L’accesso al regime forfettario degli autonomi è subordinato all’accertamento di specifiche condizioni di legge, alcune delle quali presuppongono l’assenza di cause ostative espressamente elencate all’articolo 1, comma 57, L.190/2014.
Nel testo del Ddl di bilancio 2025 approvato con voto di fiducia alla camera, si interviene sul quadro normativo delle esclusioni. Il provvedimento modifica la soglia degli “extra” redditi di lavoro dipendente e assimilati, oltrepassata la quale risulta inibita la possibilità di aderire al regime agevolativo.
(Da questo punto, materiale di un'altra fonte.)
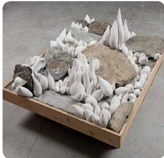
Krajina II. (kameň, sadra, drevo, 1983; v zbierkach Slovenskej národnej galérie)

Nello specifico, la disposizione che viene rivisitata è contenuta nel comma 57, alla lett. d-ter), in cui si prevede che non possono fruire del regime forfettario i soggetti che nell’anno precedente hanno percepito redditi di lavoro dipendente, pensionistici e redditi assimilati eccedenti l’importo di euro 30.000, tale limitazione tuttavia non opera se il rapporto di lavoro è cessato (come chiarito nella Circolare n. 10/E/2016, rilevano solo le cessazioni del rapporto di lavoro intervenute nell’anno precedente a quello di applicazione del regime forfetario).
La verifica, dunque, deve essere eseguita confrontando tale limite con il reddito di lavoro dipendente o ad esso assimilato percepito nel periodo antecedente.
Come anticipato in premessa, il disegno di legge rettifica la soglia in commento, prevedendo l‘innalzamento da euro 30.000 ad euro 35.000. Qualora venisse confermata tale novità, anche all’esito dell’iter di approvazione della manovra al Senato, l’ampliamento della platea sarebbe efficace già a decorrere dal 2025, tenuto conto che la verifica del limite deve esser condotta con riferimento all’annualità precedente. In altri termini, sono incluse nell’ambito applicativo le partite iva individuali che, in presenza di tutte le altre condizioni di legge, hanno percepito nel 2024 redditi di lavoro dipendente e assimilati di importo compreso tra euro 30.000 e fino a 35.000.